EXERCISE INSTRUCTIONS => Only the pictures are to be omitted; every entry beneath should otherwise be duplicated exactly.

[Items listed in a dataset]
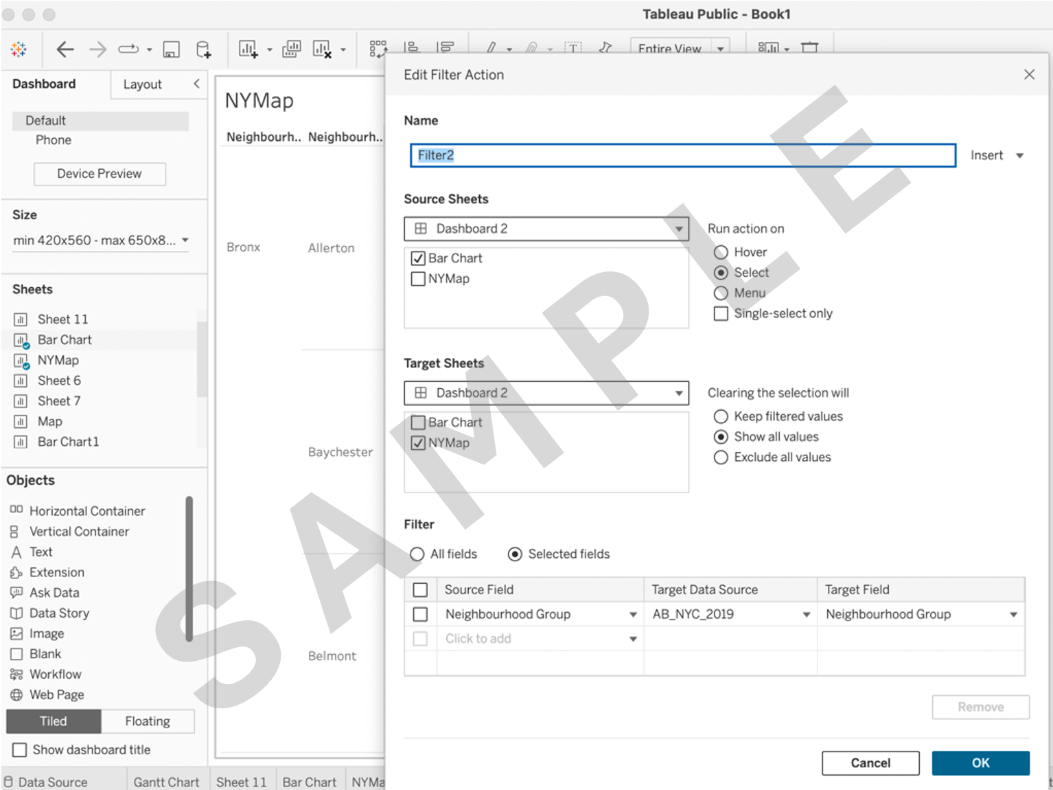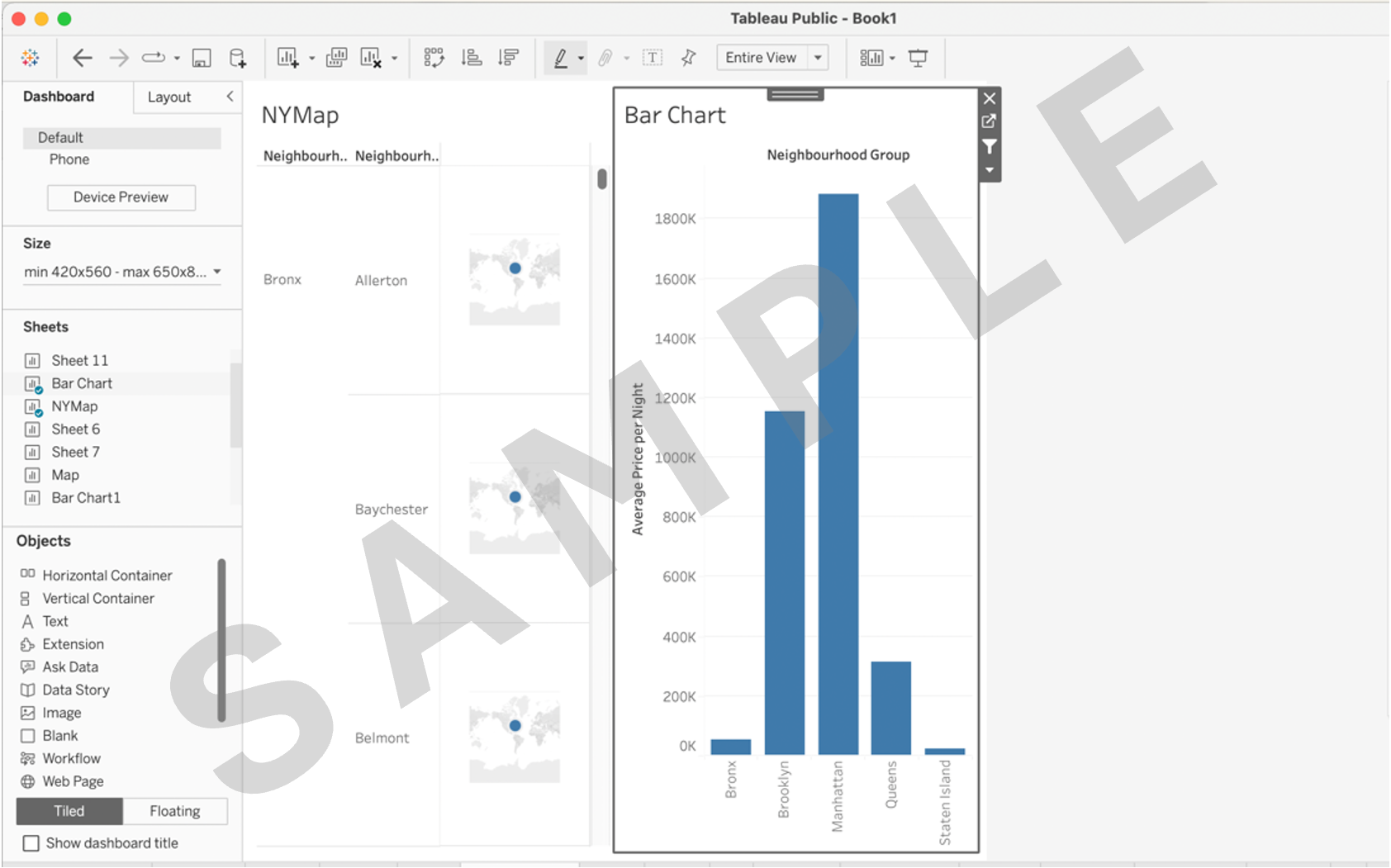 7.1 Create a filter action that allows users to select a specific Neighbourhood Group on the bar chart and see the corresponding price distribution and other details in each neighborhood in the map.
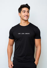 NTD78 kaos slim fit pria anti kusut lengan pendek "live love create" hitam
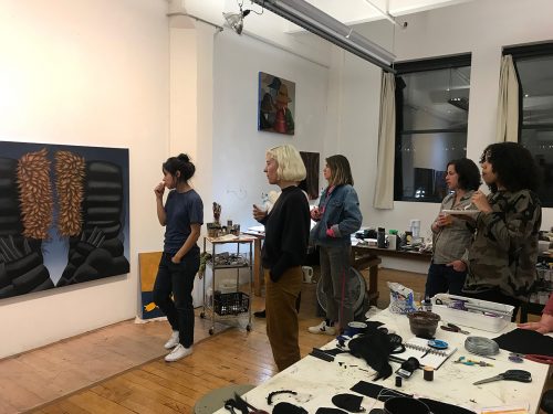 The roots of a tuft of wild grass pulled up from the ground form an intriguing network of living fibers, interlaced with earth. This tenacious nest is a fitting visual for the perennial phenomena of women’s grass roots art collectives found around the world. Springing forth in the ‘70s collectives such as SOHO20, Artemisia, Women’s Building, Guerilla Girls, Las Damas de Arte, and WARM have provided support and opportunities for women not otherwise readily available in the staunchly patriarchic art world. In the subsequent decades women’s art collectives have proven to be a fertile, popular and diverse multi-purpose force, although unfortunately mainstream institutions have under-acknowledged their impact. Art Historian Kathleen Wentrack, PhD, observes, “[The] numerous exhibitions devoted to feminist art in the last decade or so [devote] little attention to collectives, and [there is] a lack of historical studies of collectives and their influence on contemporary art practices, which continue to be influential to the present day.” This exhibition, “Slečny od maliarskeho stojana,” which translates as “Ladies of the Easel,” presents an opportunity to document the origins of a thriving women’s art collective called LP (formerly known as Lady Painters) founded in 2015 by Jenn Dierdorf and Kelsey Shwetz in Brooklyn, NY. When conceiving of the show, curator Juliana Mrvová used LP as a resource for selecting work. Paintings by Dierdorf and Shwetz, among others, are included in the exhibition, which is presented from June to November 2019 in four cities in Slovikia: Bratislava (the capital), Banská Bystrica, Trebišov and Rimavská Sobota. As an early and on-going member of LP, I’m pleased to have the opportunity to interview Dierdorf and Shwetz about their motives and goals for the LP collective.
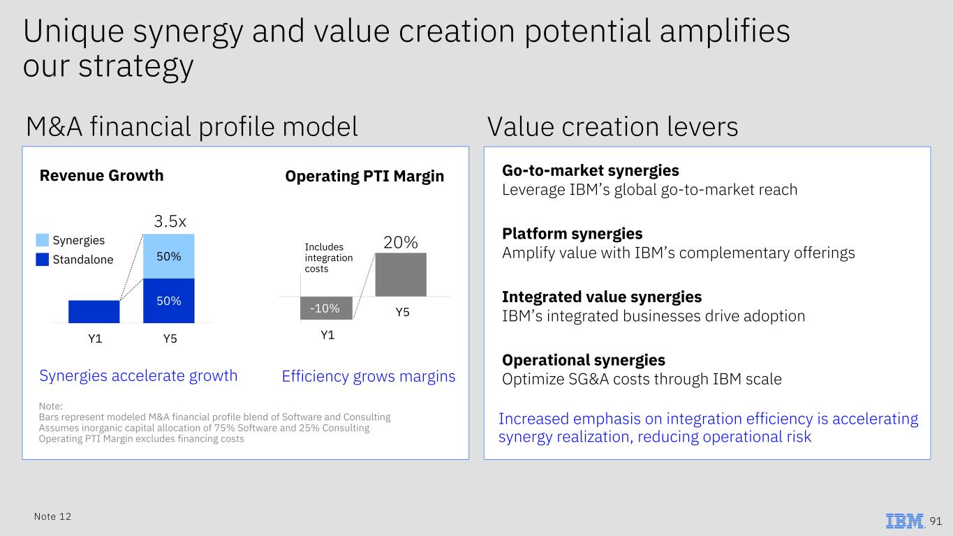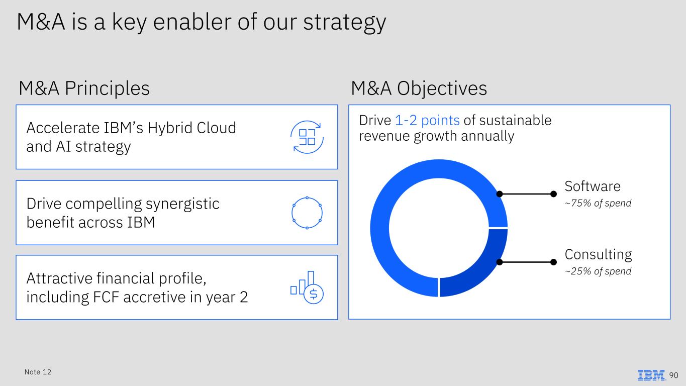 M&A ObjectivesM&A Principles M&A is a key enabler of our strategy Attractive financial profile, including FCF accretive in year 2 Drive compelling synergistic benefit across IBM Accelerate IBM’s Hybrid Cloud and AI strategy Drive 1-2 points of sustainable revenue growth annually Software ~75% of spend Consulting ~25% of spend 90Note 12
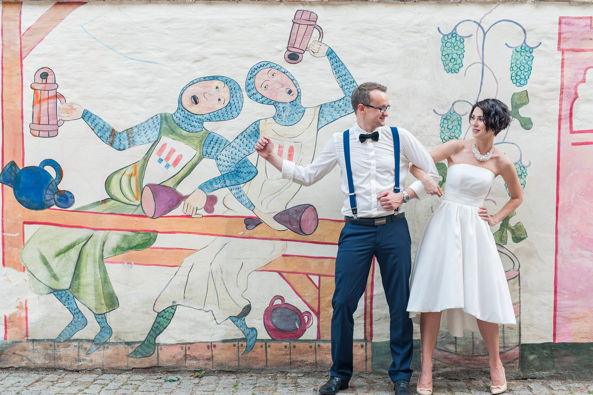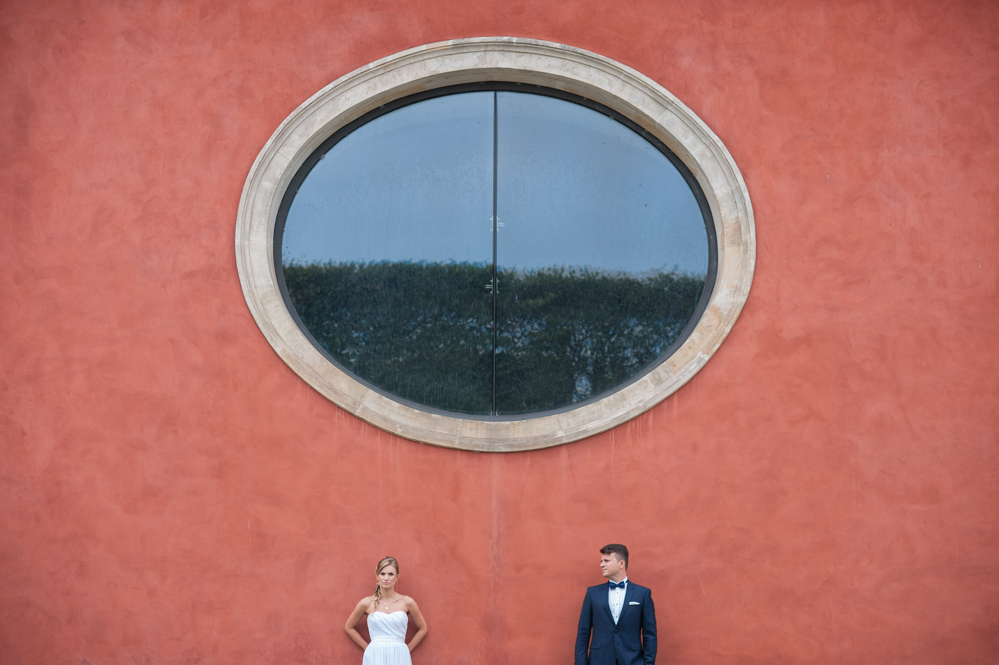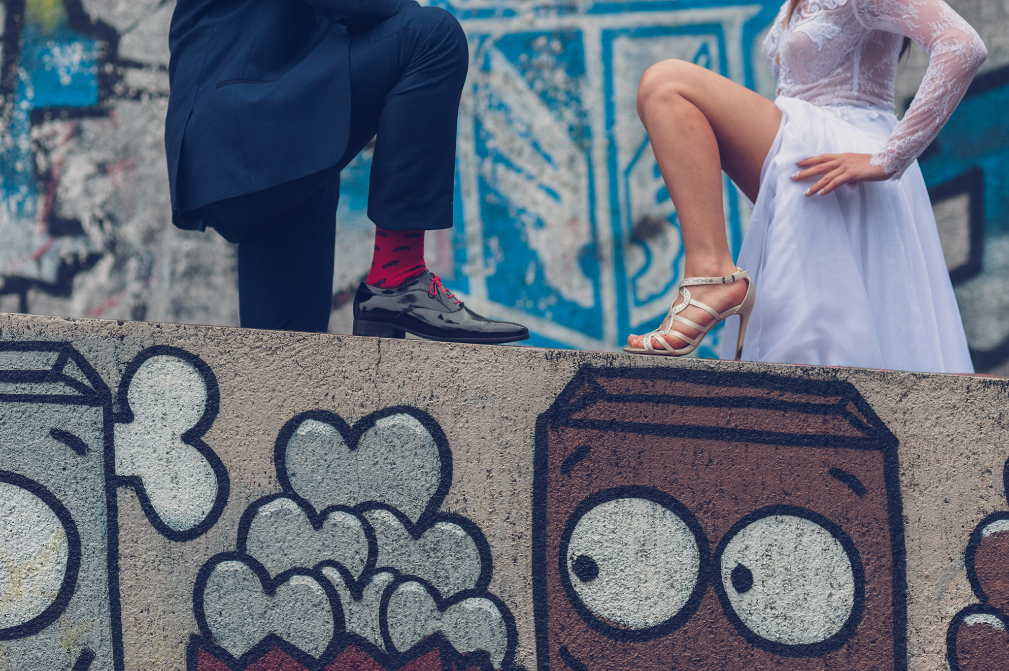 Tutaj pracujemy kontrastem. Miękkość sukni ślubnej zestawiamy z twardością betonu. Intymność dwojga ludzi pokazujemy na tle miejskiego pędu. Szukamy rytmu w kolumnach, odbić w witrynach i światła wpadającego w wąskie uliczki.
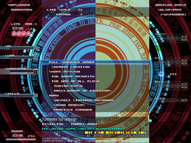 And while the music is very clearly dated and not as professional, that’s one of the points that makes it so… doujin. The early trance style and the irregular writing in tandem with the visuals of the game conjure up images of notable surreal Japanese culture surrounding other shmups like Treasure’s Radiant Silvergun, rhythm games such as BMS (Lunatic Rave 2), or other similarly surreal and abstract anime culture (think Akira?). It provides a real insight into the universes that can be created within a single mind.
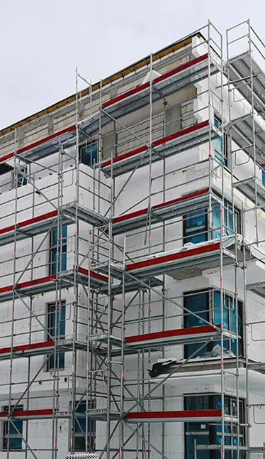 Ogni ponteggio per facciate soddisfa i requisiti di legge in termini di resistenza e stabilità. Offriamo una gamma completa di ponteggi per l'edilizia, adattandone il design alle esigenze specifiche di ogni progetto.
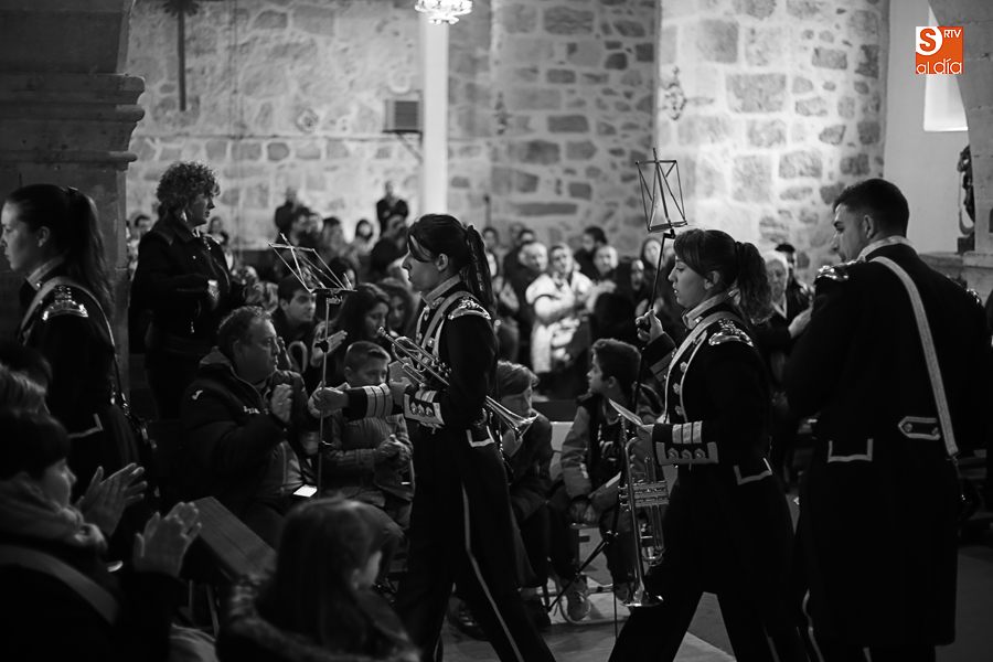 Una plegaria, una oración, un recuerdo escrito en un pentagrama. Hoy ha comenzado a sonar la Cuaresma en Carbajosa, y los músicos de La Estrella han vuelto a deleitar a los asistentes con su particular forma de rezar: con un instrumento en la mano. Día de reencuentros, de estrenos, con la emoción como gran y maravilloso colofón al sonar la marcha "Mirando al cielo", recordando a aquellos que ahora nos miran desde "el balcón más especial". Una emotiva demostración de que la música no es sólo cuestión de pulmones, tiene que salir del corazón.

RESULT OF THIS EXERCISE =>
 7.1 Create a filter action that allows users to select a specific Neighbourhood Group on the bar chart and see the corresponding price distribution and other details in each neighborhood in the map.
 NTD78 kaos slim fit pria anti kusut lengan pendek "live love create" hitam
 The roots of a tuft of wild grass pulled up from the ground form an intriguing network of living fibers, interlaced with earth. This tenacious nest is a fitting visual for the perennial phenomena of women’s grass roots art collectives found around the world. Springing forth in the ‘70s collectives such as SOHO20, Artemisia, Women’s Building, Guerilla Girls, Las Damas de Arte, and WARM have provided support and opportunities for women not otherwise readily available in the staunchly patriarchic art world. In the subsequent decades women’s art collectives have proven to be a fertile, popular and diverse multi-purpose force, although unfortunately mainstream institutions have under-acknowledged their impact. Art Historian Kathleen Wentrack, PhD, observes, “[The] numerous exhibitions devoted to feminist art in the last decade or so [devote] little attention to collectives, and [there is] a lack of historical studies of collectives and their influence on contemporary art practices, which continue to be influential to the present day.” This exhibition, “Slečny od maliarskeho stojana,” which translates as “Ladies of the Easel,” presents an opportunity to document the origins of a thriving women’s art collective called LP (formerly known as Lady Painters) founded in 2015 by Jenn Dierdorf and Kelsey Shwetz in Brooklyn, NY. When conceiving of the show, curator Juliana Mrvová used LP as a resource for selecting work. Paintings by Dierdorf and Shwetz, among others, are included in the exhibition, which is presented from June to November 2019 in four cities in Slovikia: Bratislava (the capital), Banská Bystrica, Trebišov and Rimavská Sobota. As an early and on-going member of LP, I’m pleased to have the opportunity to interview Dierdorf and Shwetz about their motives and goals for the LP collective.
 M&A ObjectivesM&A Principles M&A is a key enabler of our strategy Attractive financial profile, including FCF accretive in year 2 Drive compelling synergistic benefit across IBM Accelerate IBM’s Hybrid Cloud and AI strategy Drive 1-2 points of sustainable revenue growth annually Software ~75% of spend Consulting ~25% of spend 90Note 12
 Tutaj pracujemy kontrastem. Miękkość sukni ślubnej zestawiamy z twardością betonu. Intymność dwojga ludzi pokazujemy na tle miejskiego pędu. Szukamy rytmu w kolumnach, odbić w witrynach i światła wpadającego w wąskie uliczki.
 And while the music is very clearly dated and not as professional, that’s one of the points that makes it so… doujin. The early trance style and the irregular writing in tandem with the visuals of the game conjure up images of notable surreal Japanese culture surrounding other shmups like Treasure’s Radiant Silvergun, rhythm games such as BMS (Lunatic Rave 2), or other similarly surreal and abstract anime culture (think Akira?). It provides a real insight into the universes that can be created within a single mind.
 Ogni ponteggio per facciate soddisfa i requisiti di legge in termini di resistenza e stabilità. Offriamo una gamma completa di ponteggi per l'edilizia, adattandone il design alle esigenze specifiche di ogni progetto.
 Una plegaria, una oración, un recuerdo escrito en un pentagrama. Hoy ha comenzado a sonar la Cuaresma en Carbajosa, y los músicos de La Estrella han vuelto a deleitar a los asistentes con su particular forma de rezar: con un instrumento en la mano. Día de reencuentros, de estrenos, con la emoción como gran y maravilloso colofón al sonar la marcha "Mirando al cielo", recordando a aquellos que ahora nos miran desde "el balcón más especial". Una emotiva demostración de que la música no es sólo cuestión de pulmones, tiene que salir del corazón.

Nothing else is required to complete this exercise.